Phase 2 -- Implementation Suggestions
Forward-looking improvements identified during Phase 2 implementation. Each suggestion lists what it improves, why it’s not in Phase 2’s scope, and what triggers acting on it.
S-1: Add RemovalPolicy.RETAIN to the arda.cards-family hosted zones
Section titled “S-1: Add RemovalPolicy.RETAIN to the arda.cards-family hosted zones”Today: RootDnsStack’s four arda.cards family zones (app, io, auth, assets) inherit CFN’s default removal policy. A cdk destroy RootConfiguration (operator error, or an automated CI cleanup against the wrong account) would delete all four zones and orphan every partition’s NS-delegation chain.
Suggestion: extend the RemovalPolicy.RETAIN discipline introduced for ardamailsZone (per DQ-R1-008) to the four arda.cards family zones. Two-line change in root-dns-stack.ts; no CFN-template diff because retention policies don’t affect the resource block. Add a parallel V-ROOT-00X strict-match assertion for each zone.
Trigger: low-friction, high-value. Recommend bundling into Phase 3’s documentation PR or a short follow-up infrastructure PR after Phase 2 merges.

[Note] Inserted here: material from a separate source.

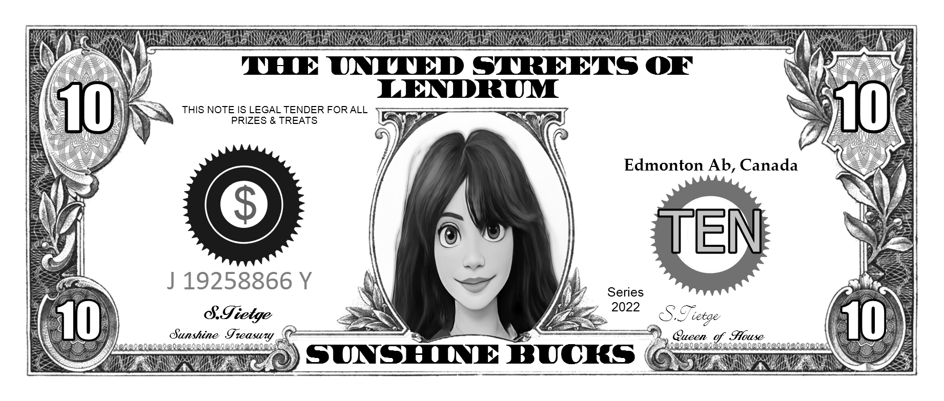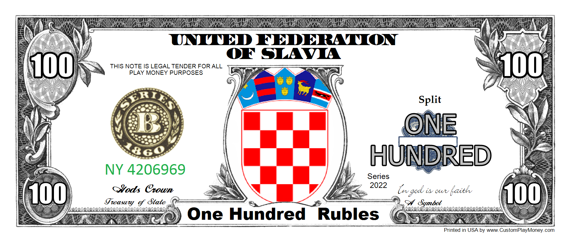 We support any world wide currency (or make your own up) for your play money items. Assigning the currency helps when placing denomination components on your item. When rendering the denomination amounts spelled out ... "One Hundred" for example, the proper denomination spelling will be automatically added to produce "One Hundred Dollars".

The risk that motivated RemovalPolicy.RETAIN for ardamailsZone (production zone, manual intervention to recover) is identical for the family zones.

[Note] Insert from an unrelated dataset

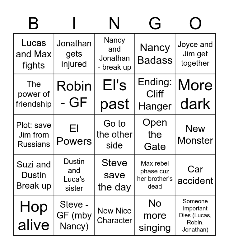 This bingo card has a free space and 29 words: Hop alive, Will - BF, El Powers, El/Mike have an romantic interest, Lucas and Max fights, Nancy and Jonathan - break up, Robin - GF, Dustin and Luca's sister, Open the Gate, Steve - GF (mby Nancy), New Monster, Someone important Dies (Lucas, Robin, Jonathan), New Nice Character, No more singing, More dark, Will have some powers, Steve save the day, Suzi and Dustin Break up, Joyce and Jim get together, Plot: save Jim from Russians, Max rebel phase cuz her brother's dead, Dustin & Lucas - fight, Ending: Cliff Hanger, The power of friendship, Nancy Badass, Jonathan gets injured, Car accident, El's past and The Theory guy is back.

S-2: Drift detection for hosted zones and IAM roles outside CFN
Section titled “S-2: Drift detection for hosted zones and IAM roles outside CFN”Today: Phase 1’s tools/drift-check.ts covers external op:// references against the Postmark API. Phase 2 ships a hosted zone that was originally created outside CFN; future operator action against any AWS console (clicking “delete” in Route53, deleting an IAM role) would drift the live state from the CFN view, and CFN would not detect this until a subsequent deploy.
Suggestion: extend tools/drift-check.ts (or a sibling tools/drift-check-aws.ts) to assert key invariants of the live AWS account against the CFN-stack export contract: arda-ardamails-zone resolves to a hosted zone whose name is ardamails.com., the four arda.cards family exports resolve to existing zones with matching names, the AllowCreatingNSRecordsRole role exists with the canonical name and trust policy. One AWS API call per assertion, runs on the same monthly schedule as the existing drift workflow.

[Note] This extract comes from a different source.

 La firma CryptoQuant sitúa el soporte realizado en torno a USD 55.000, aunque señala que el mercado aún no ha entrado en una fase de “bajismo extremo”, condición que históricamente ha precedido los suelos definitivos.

Trigger: when Phase 4 is being planned. Per-partition deploys consume the role and the family zone exports; the cost of an undetected drift grows with the consumer count. A modest investment (~150 LOC) in Phase 4-or-earlier.
S-3: A reusable “adopt-existing-resource” pattern doc
Section titled “S-3: A reusable “adopt-existing-resource” pattern doc”Today: the IMPORT detour in Phase 2 was figured out one-off (see learnings.md L-2, L-3, L-5). The discoveries — IMPORT change-set’s modification ban, comment-must-match-live-zone, mangled-logical-ID lookup, two-phase deploy — are already captured in the project’s decision log (DQ-R1-008) and learnings. They are not yet in a generalised current-system/architecture/patterns/ page.
Suggestion: write a “Adopting an Existing AWS Resource into CDK/CFN” pattern page under current-system/architecture/patterns/iac/. Covers: pre-deploy AWS-CLI inventory check (L-1, L-4), strict-property-mirror discipline (L-3), two-phase IMPORT deploy choreography (L-2, L-5), strict-equality test pattern (L-3). Cite Phase 2’s DQ-R1-008 as the worked example.
Trigger: when the second adoption case appears — e.g., adopting an existing IAM role, KMS key, or a manually-provisioned Lambda. The pattern doc pays back when there are at least two consumers; one (Phase 2) is fine to leave as a learnings entry.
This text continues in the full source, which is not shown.